Although mutual funds own 25% of the stocks in the nation and could initiate corporate reform through their proxies, they overwhelmingly support management, The Wall Street Journal reports.
A Corporate Library review of how 38 leading mutual fund companies, excluding socially responsible investing funds, voted their proxies in the 12 months ended June 30, 2005, found that they supported fund management 92% of the time. They voted for shareholder resolutions only 30% of the time.
Recommendations by Glass Lewis, which consults with institutional investors on how to vote proxies, were similar but somewhat more favorable. The company recommended that the institutional investors support management 80% of the time and 53% of shareholder proposals.
“Mutual fund companies tend to not want to be on the forefront of shareholder activism,” explained Robert McCormick, who heads proxy-vote research at Glass Lewis.
However, as to the argument that funds that own a company’s stock and also run its 401(k) plan purposely vote along with management to secure that business, McCormick flatly disputes the claim. Indeed, two studies by professors at the University of Michigan and Baruch College bear that out. In fact, many fund companies that could face a conflict of interest in how they vote their proxies outsource those decisions to a firm like Glass Lewis.

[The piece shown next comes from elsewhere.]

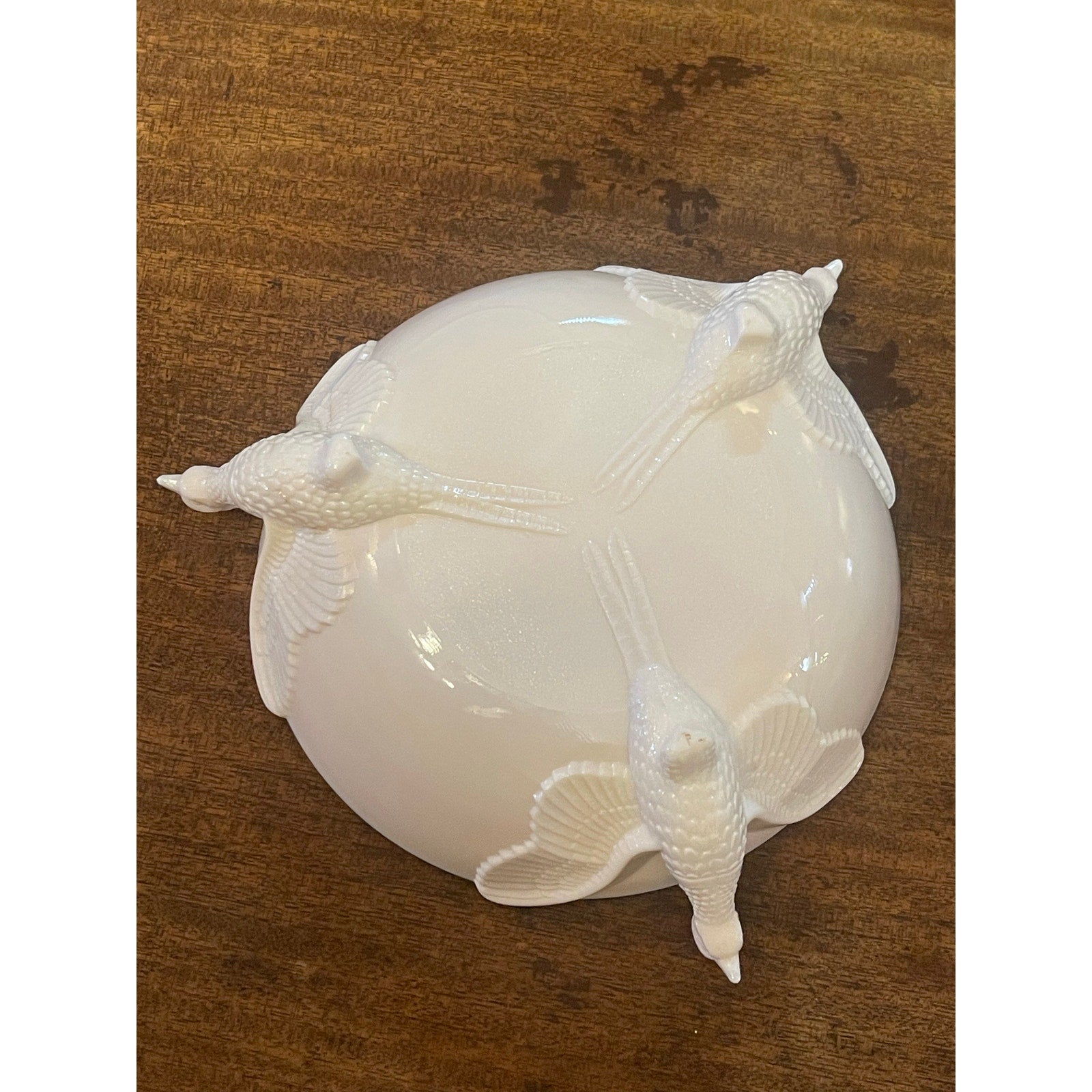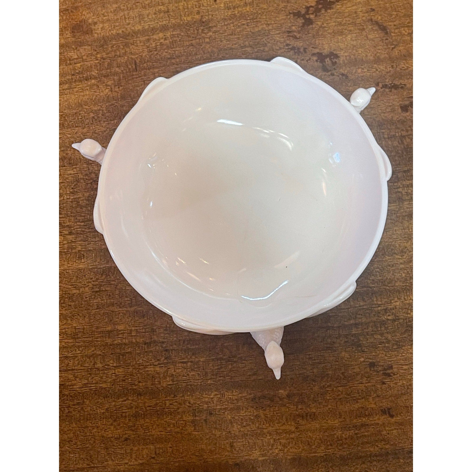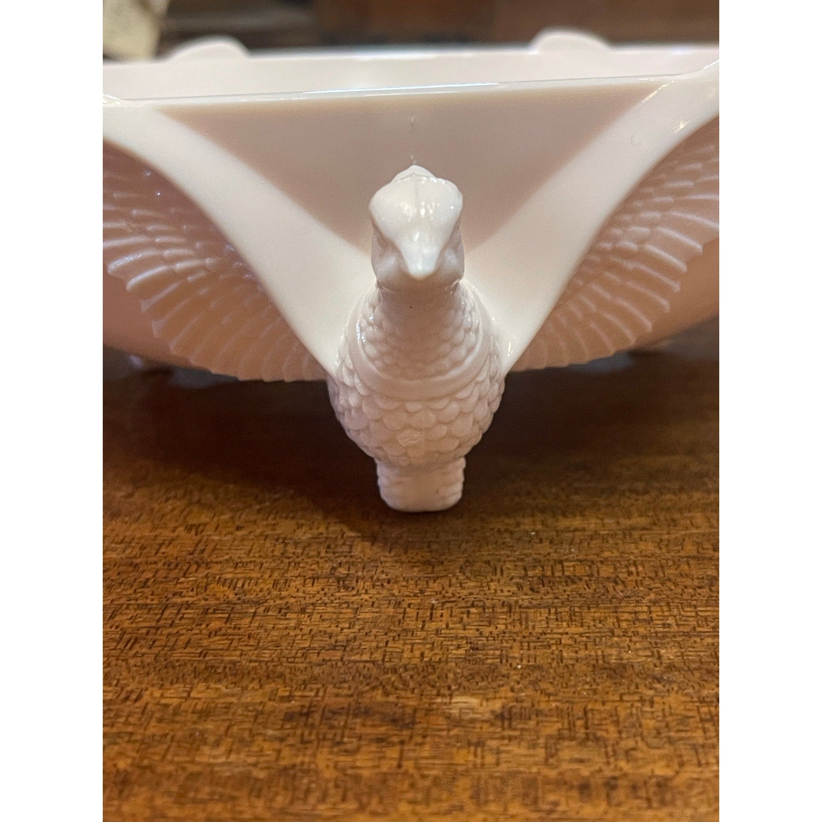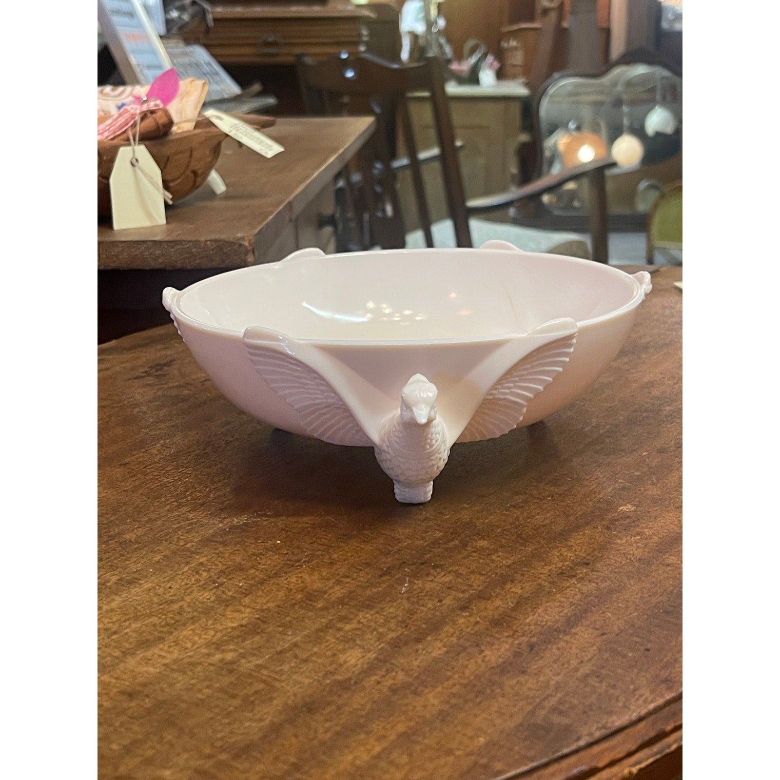 Vintage Jeannette Shell Pink Milk Glass 8" Footed Pheasant Bowl 3 Bird 1958-1959

But on specific measures, funds’ voting records are mixed. On the side of going against management, funds tend to vote to eliminate barriers to prevent a takeover, which often boosts a stock’s value, and for proposals that require a majority vote to elect directors, rather than for the antiquated system that permits a director to be elected if they receive just one vote.
On the side of supporting management, the Corporate Library found that funds are in favor of splitting the chairman and CEO positions only 46% of the time and curtailing executive pay only about 25% of the time.